Le Département d’État américain a annoncé avoir engagé des démarches visant à imposer des restrictions de visas et à révoquer les visas de deux membres du Conseil présidentiel de transition (CPT), ainsi que ceux de leurs proches immédiats, notamment leurs conjoints et enfants.


Cette décision marque un nouveau durcissement de la position de Washington face à la crise sécuritaire persistante en Haïti.


Selon les autorités américaines, ces mesures sont motivées par l’implication présumée des deux responsables dans le fonctionnement de gangs armés et d’autres organisations criminelles opérant sur le territoire haïtien.


Les États-Unis leur reprochent également d’avoir entravé les efforts du gouvernement haïtien visant à lutter contre ces groupes, désormais désignés comme organisations terroristes étrangères (FTO) par Washington.


Les sanctions s’inscrivent dans le cadre de l’article 212(a)(3)(C) de la loi américaine sur l’immigration et la nationalité (INA), qui autorise le refus d’entrée sur le territoire américain à toute personne dont la présence ou les activités pourraient avoir des conséquences négatives graves sur la politique étrangère des États-Unis.


Dans son communiqué, le Département d’État réaffirme l’engagement de Washington en faveur de la stabilité d’Haïti, tout en soulignant sa volonté de collaborer étroitement avec les autorités haïtiennes pour endiguer la violence des gangs et restaurer l’autorité de l’État.


« Le peuple haïtien en a assez de la violence des gangs, des destructions et des luttes politiques stériles », indique la déclaration officielle.

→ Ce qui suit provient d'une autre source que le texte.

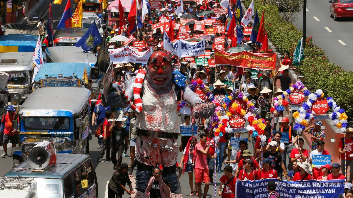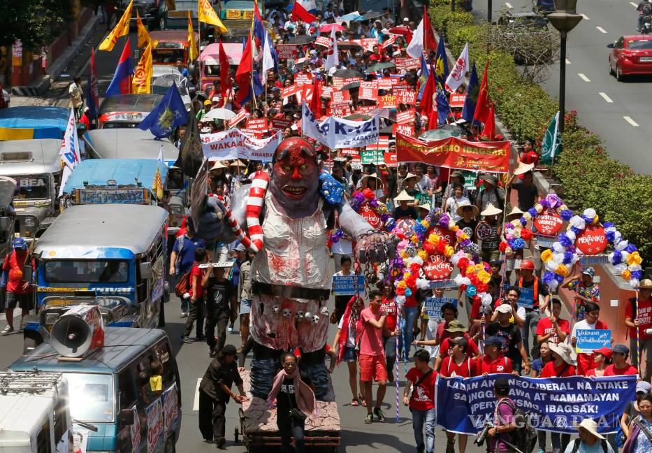En Manila unos 2 mil manifestantes de izquierda se enfrentaron con policías antimotines que usaban escudos y cañones de agua para evitar que los activistas llegaran a la embajada estadounidense. Las autoridades reportaron 20 manifestantes heridos.

L’administration américaine, dirigée par le président Donald Trump, affirme vouloir renforcer la redevabilité et prendre des mesures fermes contre toute personnalité accusée de contribuer à la déstabilisation d’Haïti et de la région.


Cette annonce pourrait avoir des répercussions politiques majeures au sein du CPT, déjà fragilisé par des tensions internes et un climat sécuritaire extrêmement dégradé.


Aucune réaction officielle des autorités haïtiennes ou des membres concernés n’avait encore été enregistrée au moment de la publication.